— Your task —
Please give again exactly the lines from the top of the material through the line with "alte Postkarte Djerba"; omit each picture.

— Record excerpts —
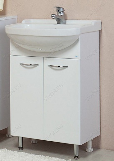 Комплектация: две распашные дверцы, хромированая фурнитура и передние ножки, задние ножки из ПВХ, все ножки регулируются по высоте. Фасад из MDF, корпус — ЛДСП, фаянсовая раковина "Della Классик 55".
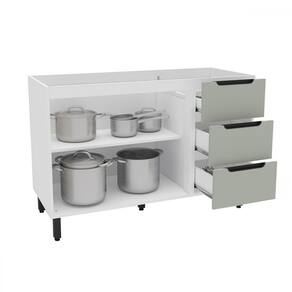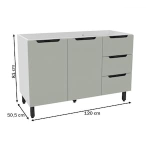O(a) Balcão de Cozinha para Pia Meena 2 Portas 3 Gavetas Branco/Verde - Politorno  é produzido em MDP na escala de brilho Semi-Fosco, e possui um grau de dificuldade de montagem: Médio.
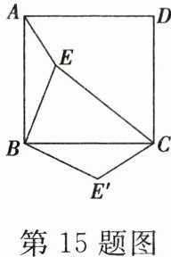 15. 如图,点 $ E $ 是正方形 $ ABCD $ 内一点,连接 $ AE $、$ BE $、$ CE $,将 $ \triangle ABE $ 绕点 $ B $ 顺时针旋转 $ 90° $ 到 $ \triangle CBE' $ 的位置,若 $ AE = 1 $,$ BE = 2 $,$ CE = 3 $,则 $ \angle BE'C = $
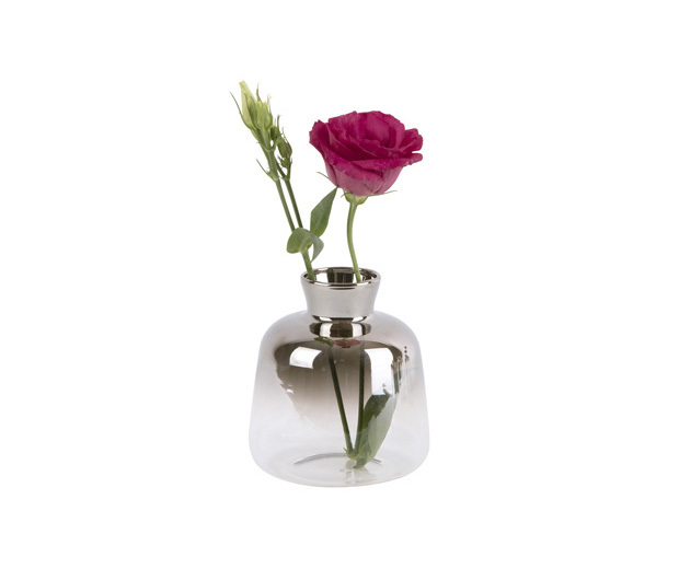Skleněná mini váza stříbrné barvy.
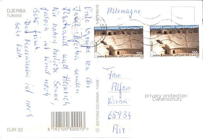alte Postkarte Djerba Strand Fischerboot postalisch gelaufen Erhaltung siehe scans
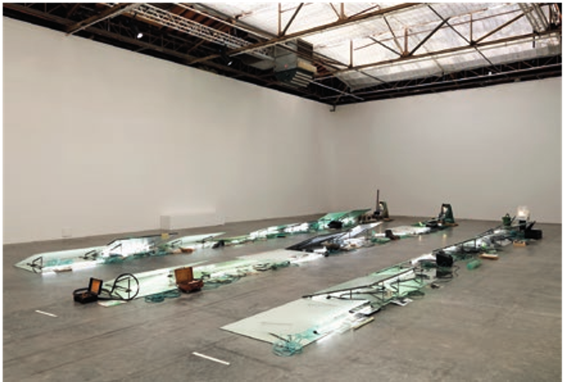 Laura Lamiel, J’ai vu les buffles d’eau, 2019, verres trempés, peintures fixées sous verre, cadres en métal, tubes fluorescents, livres, impressions sur acier émaillé, cactus et mousse végétale, valises, objets de la collection de l’artiste. Courtesy de l’artiste & Marcelle Alix (Paris). Photo Aurélien Mole

— Response area —
 Комплектация: две распашные дверцы, хромированая фурнитура и передние ножки, задние ножки из ПВХ, все ножки регулируются по высоте. Фасад из MDF, корпус — ЛДСП, фаянсовая раковина "Della Классик 55".
O(a) Balcão de Cozinha para Pia Meena 2 Portas 3 Gavetas Branco/Verde - Politorno  é produzido em MDP na escala de brilho Semi-Fosco, e possui um grau de dificuldade de montagem: Médio.
 15. 如图,点 $ E $ 是正方形 $ ABCD $ 内一点,连接 $ AE $、$ BE $、$ CE $,将 $ \triangle ABE $ 绕点 $ B $ 顺时针旋转 $ 90° $ 到 $ \triangle CBE' $ 的位置,若 $ AE = 1 $,$ BE = 2 $,$ CE = 3 $,则 $ \angle BE'C = $
Skleněná mini váza stříbrné barvy.
alte Postkarte Djerba Strand Fischerboot postalisch gelaufen Erhaltung siehe scans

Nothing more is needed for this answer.